DEl deseo de Donald Trump de poner fin a la guerra en Ucrania puede ser sincero, pero sus motivos son egoístas. Quiere la gloria de haber negociado un acuerdo y no le importa si es justo o no. En cuanto a Vladimir Putin, sólo quiere la paz en condiciones que permitan alcanzar objetivos que el ejército ruso no ha logrado alcanzar por la fuerza. El Kremlin exige territorios no conquistados en el campo de batalla y límites a la capacidad de Ucrania para actuar como un Estado plenamente soberano.
Trump nunca ha mostrado mucha aversión natural a darle a Putin lo que quiere. No presionó seriamente al Kremlin para que pusiera fin a su agresión, ni reprendió al presidente ruso por iniciar la guerra. No ve nada malo en un proceso que discute el destino de un país, incluida la partición de facto de su territorio, sin que los representantes de ese país estén en la mesa.
Si los intereses de Ucrania se tienen en cuenta en el pensamiento de la Casa Blanca es gracias a la diligente diplomacia de su presidente, Volodymyr Zelenskyy, y sus aliados europeos. Hasta ahora, sus intervenciones han impedido que Trump venda completamente Kiev, para consternación del Kremlin. El viaje a Moscú esta semana del enviado de la Casa Blanca, Steve Witkoff –normalmente un público crédulo para los negociadores rusos– no produjo ningún avance. Putin atribuye el estancamiento al “sabotaje” del proceso por parte de los miembros europeos de la OTAN. Considera que cualquier reconocimiento de los intereses ucranianos es un ataque a la dignidad nacional rusa.

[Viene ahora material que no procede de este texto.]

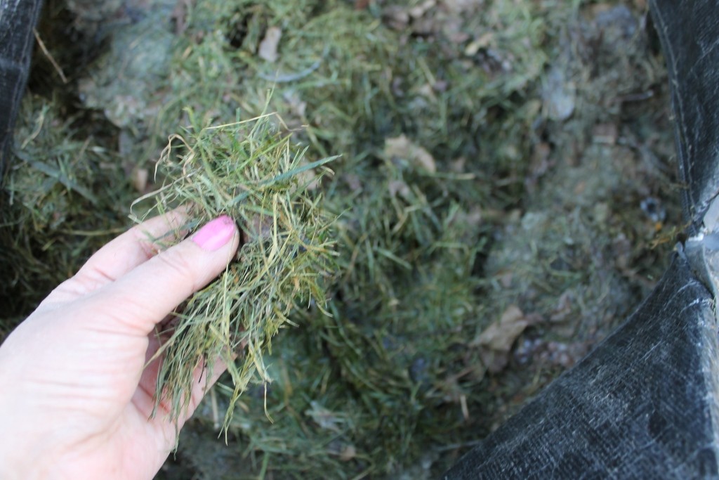 Можно совместить стрижку газона со сбором опавших листьев, Эта трава (смотрите фото ниже) может храниться до весны…

La propaganda rusa a menudo presenta a Gran Bretaña como un villano en este sentido, lo que Sir Keir Starmer debería tomar como un cumplido en reconocimiento a su servicio a la causa de la autodefensa ucraniana. El primer ministro merece crédito por su participación en el esfuerzo europeo combinado para frustrar la complacencia de la Casa Blanca hacia Putin y por su papel de liderazgo en la coordinación de una “coalición de dispuestos” para demostrar una solidaridad inquebrantable con Zelenskyy.

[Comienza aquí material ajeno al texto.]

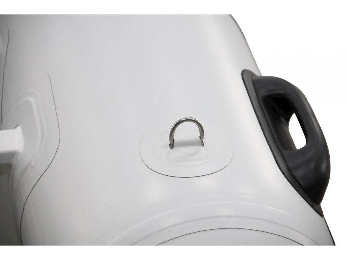Realizzato in alluminio marino riciclabile di alta qualità, il tender è verniciato di bianco tramite un processo ecologico chiamato “verniciatura a polvere” (powder coating), che garantisce una finitura liscia, durevole e una resistenza aggiuntiva alla corrosione marina.

Corregir los prejuicios prorrusos de Trump es una tarea de Sísifo. El esfuerzo diplomático debe ser apoyado constantemente. Al mismo tiempo, los líderes europeos siempre deben estar atentos a su deber de crear una capacidad autónoma para proteger el continente. En este frente, Sir Keir es menos consistente. Ha aceptado en principio un acuerdo europeo de defensa y seguridad, y en las últimas semanas ha hablado con creciente convicción sobre la necesidad de una cooperación europea más estrecha. En la práctica, el acercamiento se ha estancado, en parte debido a la falta de liderazgo político por parte de Downing Street.

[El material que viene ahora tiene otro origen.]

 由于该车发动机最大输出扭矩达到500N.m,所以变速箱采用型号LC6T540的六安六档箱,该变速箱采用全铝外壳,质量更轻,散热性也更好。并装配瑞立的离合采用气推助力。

en un discurso A principios de esta semana, el Primer Ministro reafirmó que no había ningún dilema en lo que respecta a las relaciones con Europa y Estados Unidos. Esta visión es ingenua o falaz. Trump no es un aliado confiable para Europa ni para nadie más. A veces habla de la UE con absoluta hostilidad. Su política comercial no reconoce intereses estratégicos mutuos, sólo clientes y enemigos. Este prejuicio no es exclusivo del actual presidente. Tiene sus raíces en la ideología republicana. Sería imprudente que un país europeo apostara su interés nacional en una asociación transatlántica.
La indulgencia de Trump con los argumentos rusos sobre Ucrania es una advertencia. En una crisis de seguridad aún más grave, ¿se puede contar con que Washington se ponga del lado de Europa contra el Kremlin? El hecho de que la respuesta sea incierta debería obligar a Sir Keir a acelerar su supuesta ambición de acercamiento a Europa. Ahora es urgente transformar las vagas aspiraciones en acuerdos concretos.